Zajcek: Mich hat überrascht, dass auch im Einsatz so viel Verwaltungstätigkeit erledigt werden muss und ziemlich viel Langeweile vorherrscht. Selbst in Afghanistan, das weiß ich aus zweiter Hand. Ich war aber auch beeindruckt von dem Auftritt der Soldaten im Ausland, im Kosovo und in Sarajewo zum Beispiel, wo sie sehr beliebt sind. Es gab andere Situationen, die waren zum Verzweifeln - im Libanon etwa. Da sollte die libanesische Armee ausgebildet werden - ein Schuss in den Ofen, für mein Gefühl. Die haben das gar nicht ernst genommen, konnten mit Geräten nicht umgehen, kein Englisch verstehen. Es gab eine Situation, in der eine deutsche Ärztin eine Schulung leitete, und die hörten kaum zu. Haben sie noch nicht mal angeschaut. Sogar der Kommandant spielte auf seinem Handy herum.
Die Welt: Lag das auch daran, dass sie eine Ärztin war? Eine Frau?
Zajcek: Ja, Sicher. Der libanesische Kommandant akzeptiert eine junge deutsche Frau nicht als jemand, der ihm Weisungen geben kann, das ist klar.
Die Welt: Ist das nicht in einigen Einsatzländern generell ein Problem? Zumal in solchen der Scharia, wie etwa dem Sudan?

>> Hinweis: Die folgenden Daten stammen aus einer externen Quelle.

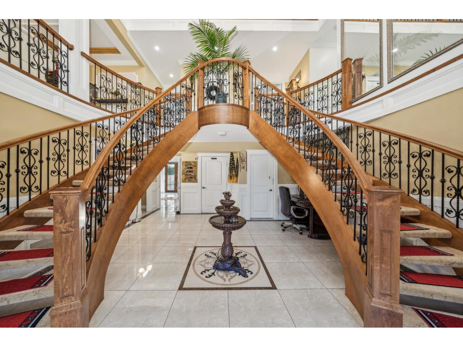 Discover Empress Palace Residence, a stunning 9,300+ sq ft estate on on almost 11,000 sq.ft lot in vibrant Surrey. Nearly $600,000 spent on upgrades. This crown jewel blends luxury and elegance. A breathtaking 27-ft open foyer with stunning double staircases lead to 3 expansive above-ground levels including 15 Bedrooms & 12 bathroom plus den . Enjoy marble flooring, a majestic luxury kitchen, two additional kitchens, and a kitchenette-ideal for large families or entertaining. Features include GEO thermal energy, A/C, smart home technology, and double-glazed windows for serene living. Indulge in the expensive state-of-the-art soundproof theatre with high end sound system. The property offers two separate entrances from the cul-de-sac and Main Street for added privacy and flexibility. Perfect for families seeking luxury living or investors considering a guest house, Airbnb or event venue with very high rental potential income. Give us a call today to book your private showing (id:52823)

Zajcek: Das ist schwer zu sagen. Im Sudan etwa wird die Scharia lockerer gehandhabt als in Saudi-Arabien. Im Zweifel muss man sich immer behaupten als Frau, klar. Für die Mission im Sudan muss man mindestens Offizier sein. Wenn eine Frau aber Offizier bei der Bundeswehr ist, dann hat sie schon sehr lange verstanden, wie man sich Respekt verschafft.
Die Welt: Auch wegen der Einsätze ist ein Privatleben oft schwierig. Ist das für die Frauen ein größeres Thema?
Zajcek: Nein, nein, also erst mal sind es die Männer, die das Privatleben im Zweifel nicht hinkriegen! Alle sind sie beruflich stark eingebunden. Aber die Soldatinnen sind in einem Männerklub unterwegs. Die Chance, einen zu treffen, der ihnen gefällt, ist sehr groß. Bei den Männern ist es genau umgekehrt.
Die Welt: Und wenn es um Familie geht?
Zajcek: Die Armee wird immer familienfreundlicher. Dass nicht nur Frauen, sondern auch Männer Erziehungsurlaub nehmen können, ist keine Frage mehr. Ich kenne einen Fregattenkapitän - der ranghöchste deutsche Militärangehörige, der je in Elternzeit gegangen ist -, der sagt: Das erste Kind habe ich nie gesehen, beim zweiten möchte ich jetzt alles richtig machen. Ich will nach Hause für zwei Jahre.
Die Welt: Aber eine Soldatin wird kaum sagen können: Das erste Kind habe ich nie gesehen.
Zajcek: Aber das Problem stellt sich ja auch in anderen Berufen, da sind die Unterschiede gar nicht so groß. Eins ist schon klar: Richtig Karriere kann man nur machen, sagen die Soldaten, wenn man zunächst die Familie hinten anstellt.
Die Welt: Haben Frauen die Bundeswehr verändert?
Zajcek: Ein bisschen, ja, denn, das haben mir viele Dienstälteste gesagt, der Umgangston ist besser geworden. Wenn Frauen dabei sind, achten die Männer mehr auf ihr Mundwerk. Und auf die Manieren - auch wenn mir das jetzt nicht immer so aufgefallen ist. Doch: Die freuen sich, dass Frauen eben ausgleichend wirken.